One possible interpretation of the general tendency to come up with a more positive evaluation of a gamble over time observed in this experiment could be based on the fact that it reduces the relative role of emotions (which tend to be very quick). Volumes of research generally indicate that negative emotions tend to be stronger and more prominent than positive emotions (see Baumeister et al. 2001 for a review). In general, emotions’ valence does not suffice to determine its impact on the propensity to take risk (Lerner and Keltner 2000). For example, fear and anger (both negative emotions) tend to generate opposing action tendencies in a risky situation. Note, however, that our design required subjects to report the certainty equivalent for a risky lottery, making the latter the natural focus of thoughts and emotions. The valence of these emotions was plausibly sufficient to determine their impact on the WTP. The presumably dominant negative emotional reaction towards the lottery, no matter if mostly fearful or angry, could by one reason why initial evaluations were relatively low.
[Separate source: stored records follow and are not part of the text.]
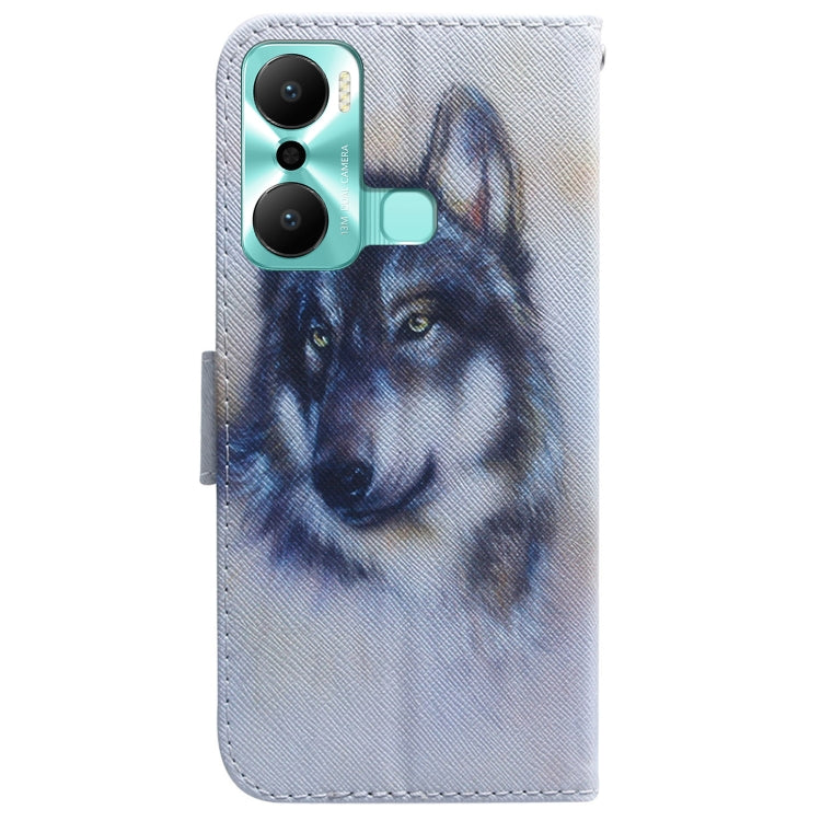 Estuche de Cuero para Infinix Hot 20 Play con Tapa y Dibujo Coloreado (Lobo Blanco)
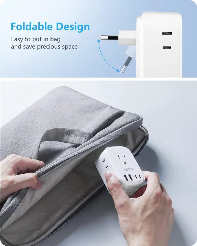 At size 5.8*4.1*7.9 cm, the European collapsible travel adapter is for maximum space-saving in your travel bag.
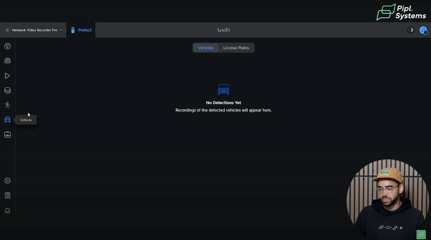 UniFi Protect cameras with built-in AI chips handle smart detections locally, without relying on cloud processing. Person and vehicle detection can be enabled per camera or defined zones through the Protect settings menu.

Our findings may have important economic consequences. For example, consumers should be advised not to take insurance decisions hastily and allowed by law to revise their initial decision after deliberation, i.e., nullify the contract at zero or low cost. That is because excessive focus on the emotionally salient loss event (of unknown probability) is likely to push them towards signing the contract even at clearly unattractive terms.